Decolorizer dehydriert die Peptidoglycan-Schicht, schrumpft und strafft sie., In grampositiven Bakterien sind die großen Kristallviolett-Jod-Komplexe dann nicht in der Lage, die dicke Peptidoglycanschicht zu durchdringen und zu entweichen, was zu lila gefärbten Zellen führt. Bei gramnegativen Bakterien wird jedoch die äußere Membran abgebaut, die dünne Peptidoglycanschicht kann die Kristallviolett-Jod-Komplexe nicht zurückhalten und die Farbe geht verloren.
4. Vorsichtig mit Safranin Counterstain überfluten und 45 Sekunden einwirken lassen. Kippen Sie den Schieber leicht und spülen Sie ihn vorsichtig mit Leitungswasser oder destilliertem Wasser ab.,
Safranin ist schwach wasserlöslich und färbt die Bakterienzellen hellrot, was die Visualisierung gramnegativer Zellen ermöglicht, ohne die Beobachtung des Purpurs der grampositiven Zellen zu beeinträchtigen.

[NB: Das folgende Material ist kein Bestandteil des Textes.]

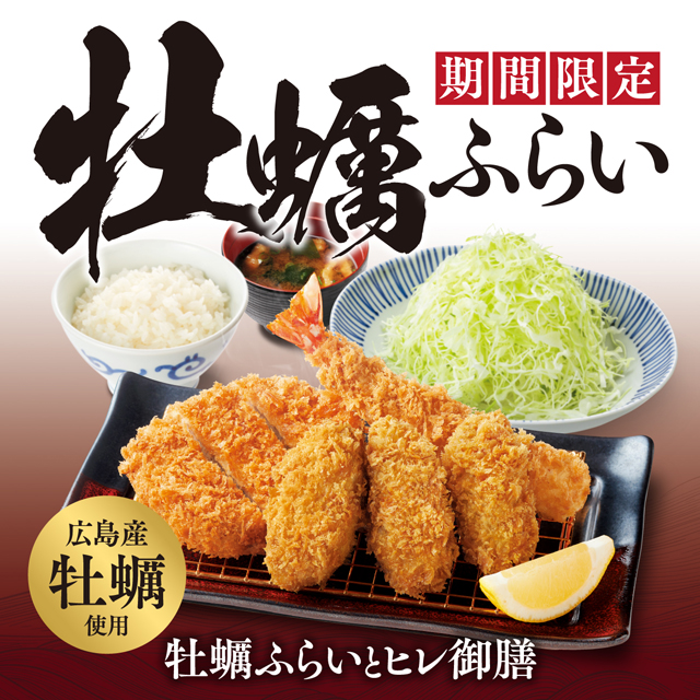 昨年大人気の季節限定メニュー「牡蠣ふらい」が今年も登場。旨味が濃厚で雑味が少なく、上品な味わいの広島産牡蠣を使用。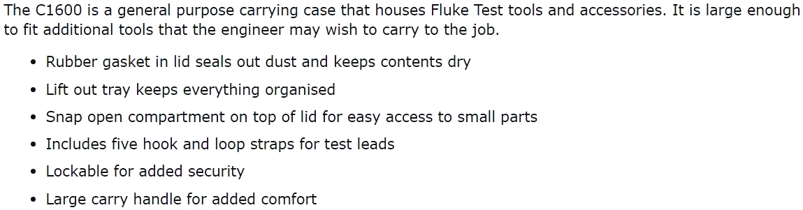 | 4227194 ארגז נייד לאחסון מכשירי מדידה פלוק - FLUKE C1600 | FLUKE | ארגז נייד לאחסון מכשירי מדידה פלוק - FLUKE C1600 ♦ עשוי מיציקת פלסטיק חזקה ועמידה♦ מתאי... ציוד בדיקה ומכשירי מדידה » רבי מודדים וצבתות זרם | כמות |

5. Tupfen Sie den Objektträger trocken auf Filterpapier und betrachten Sie den Abstrich mit einem Lichtmikroskop unter Öltauch.
Gram positive vs Gram negative farbe
Gram positive bakterien
Gram positive bakterien haben eine unverwechselbare lila aussehen, wenn beobachtet unter einem licht mikroskop folgenden Gram färbung., Dies ist auf die Retention des violetten kristallvioletten Flecks in der dicken Peptidoglycanschicht der Zellwand zurückzuführen. Beispiele für grampositive Bakterien sind alle Staphylokokken, alle Streptokokken und einige Listeria-Arten.
Gram negative bakterien
Gram negative bakterien erscheinen eine blasse rötliche farbe, wenn beobachtet unter einem licht mikroskop folgenden Gram färbung. Dies liegt daran, dass die Struktur ihrer Zellwand den kristallvioletten Fleck nicht zurückhalten kann und daher nur durch die Safranin-Gegenfarbe gefärbt wird., Beispiele für gramnegative Bakterien sind Enterokokken, Salmonellenarten und Pseudomonas-Arten.
Gram-Färbung kann nicht verwendet werden, zuverlässig zu beurteilen, bakteriellen phylogenetischen Beziehungen. Es wird angenommen, dass die einzelne Membran grampositiver Arten der Ahnenzustand ist. Historisch wurde angenommen, dass sich die zweite Membran, die auf gramnegativen Bakterien gefunden wurde, nur einmal entwickelte und so waren alle gramnegativen Arten enger miteinander verwandt als grampositive Arten., Die genetische Analyse hat jedoch seitdem gezeigt, dass dies nicht der Fall ist, und es ist wahrscheinlich, dass es sich mehrmals in verschiedenen Linien entwickelt hat – ein Produkt konvergenter Evolution.